I've learned more about kernel booting than I expected ;-)



Comment 76 Andy Burns 2005-12-20 20:31:52 UTC
OK, after getting it working I decided to see if today's rawhide would break it
again ...

yum updated mkinitrd from 5.0.10-1 to 5.0.15-1
then yum updatd kernel from 2.6.14-1.1770_FC5smp to 2.6.14-1.1776_FC5smp

I assume updateing the kernel builds a new initrd rather than installing a
standard one?

Either way, with the new kernel the machine is back to panicing again as the
arrays *ARE* being seen as /dev/md_d0 and md_d1 instead of /dev/md0 and md1

<panto>He's behind you :-)</panto>


Comment 77 Peter Jones 2005-12-20 21:04:10 UTC
> the original init has "insmod /lib/raid1" and "raidautorun /dev/md1"
> statements the regenerated init has neither

This indicates that the root filesystem wasn't mounted on the raid...  If you
run mkinitrd with -v, what's the output say?

> coudl the fact that I ran the nkinitrd inside a chrooted rescue environment,
> rather than a "proper" config e.g. with an older kernel have influenced what
> got added to the init script? I'm just going to re-cpio and re-gzip a tweaked
> initrd and see what I can achieve ...

Yeah, that could make a big difference if the rescue image doesn't have the same
fstab, /dev/root, etc set up, or if /sys/block somehow came out significantly
different.  In which case this is a problem with the rescue environment's setup.

Comment 78 Andy Burns 2005-12-20 21:18:37 UTC
> This indicates that the root filesystem wasn't mounted on the raid...  
> If you run mkinitrd with -v, what's the output say?

Can't say, that incarnation of the machine is long gone ;-) 

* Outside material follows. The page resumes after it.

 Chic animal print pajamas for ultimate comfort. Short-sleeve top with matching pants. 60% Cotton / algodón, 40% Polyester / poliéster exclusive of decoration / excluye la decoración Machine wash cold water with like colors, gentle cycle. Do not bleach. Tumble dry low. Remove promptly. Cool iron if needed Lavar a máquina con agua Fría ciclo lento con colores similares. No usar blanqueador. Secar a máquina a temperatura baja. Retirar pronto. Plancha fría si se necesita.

But when I upgraded to mkinit-5.0.15-1 and the upgraded the kernel to 1776 it
*did* correctly add raid1.ko into the initrd, so I think it happenned *because*
I used mkinitrd from the rescue cd.

> Yeah, that could make a big difference if the rescue image doesn't 
> have the same fstab, /dev/root, etc set up, or if /sys/block somehow 
> came out significantly different.  

At the time I didn't have any choice as the machine didn't have an older kernel
installed so I had to use the rescue cd. Even though I was chrooted into
/mnt/sysimage where my /dev/mdX were mounted can the mkinitrd "see through" the
chroot and be looking at the rescue cd's *real* root, which obviously wouldn't
be raid? I didn't remount anything like /proc or /sys inside the chroot
environment, don't know if that would have helped or hindered ...

> In which case this is a problem with the rescue environment's setup.

Worthy of a separate BZ entry? Or is that "expected" given my explanation above



Comment 79 Peter Jones 2005-12-20 21:57:46 UTC
I don't have any idea who does the rescue image.  So yeah, if mkinitrd isn't
working because the rescue image isn't setting things up right, that probably
merits a bz entry against it.

Comment 80 Clyde E. Kunkel 2005-12-21 04:46:24 UTC
Created attachment 122479 [details]
console output of kernel 1776 oops

Comment 81 Clyde E. Kunkel 2005-12-21 04:48:43 UTC
Completing comment #73 WRT System2:

Kernel oops regardless of mkinitrd-5.0.10 or .15.  Console listing attached.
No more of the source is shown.